我进的药,全都是按进货价加个几毛钱的跑腿费给他们。
刘翠花买的那盒降压药,我进货价就是十九块五,我只赚了她五毛钱。
可现在,在他们眼里,我成了十恶不赦的黑心商人。
我深吸了一口气,弯腰扶起那张被踢翻的长椅。
“钱已经退给你了,你可以走了。

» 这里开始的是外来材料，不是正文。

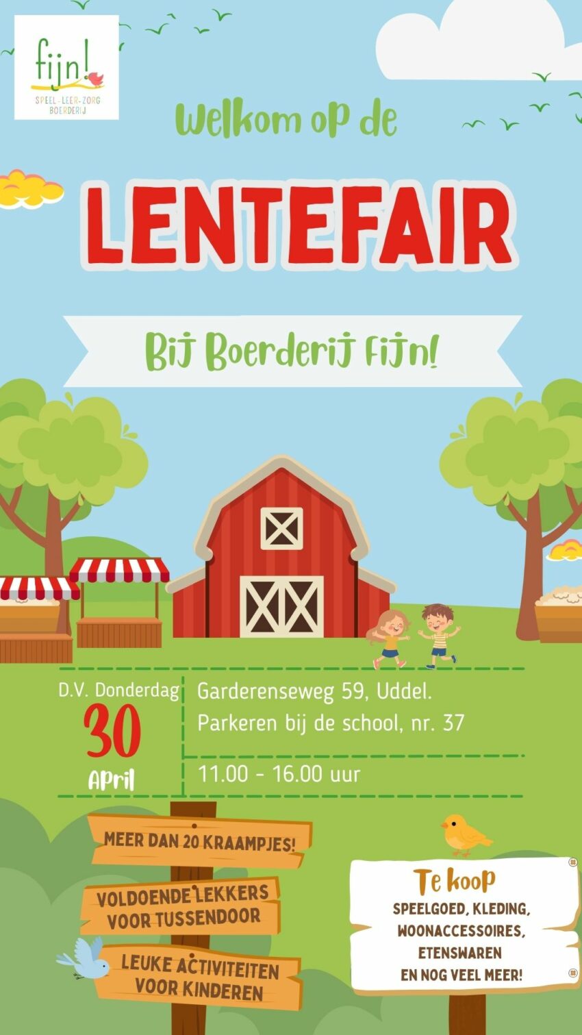 UDDEL – Van harte welkom D.V. 30 april van 11.00-16.00 uur op onze lentefair. Een erf vol kraampjes en activiteiten.…

”
我头也不抬地下了逐客令。
刘翠花冷哼一声,朝地上啐了一口浓痰。
“拽什么拽?真以为离了你这破诊所,我们还不活了?”
她扭着粗壮的腰肢,拉着她男**摇大摆地往外走。
走到门口,她还不忘回头冲着人群喊了一嗓子。
“大伙儿明天都跟我一起,把这黑心诊所的价格给打下来!”
我看着她的背影,兜里的手机震动了一下。
是省一院心内科主任发来的微信.
“知意,科室扩招,你再不回来,名额就给别人了。”
我把手机按灭,没回。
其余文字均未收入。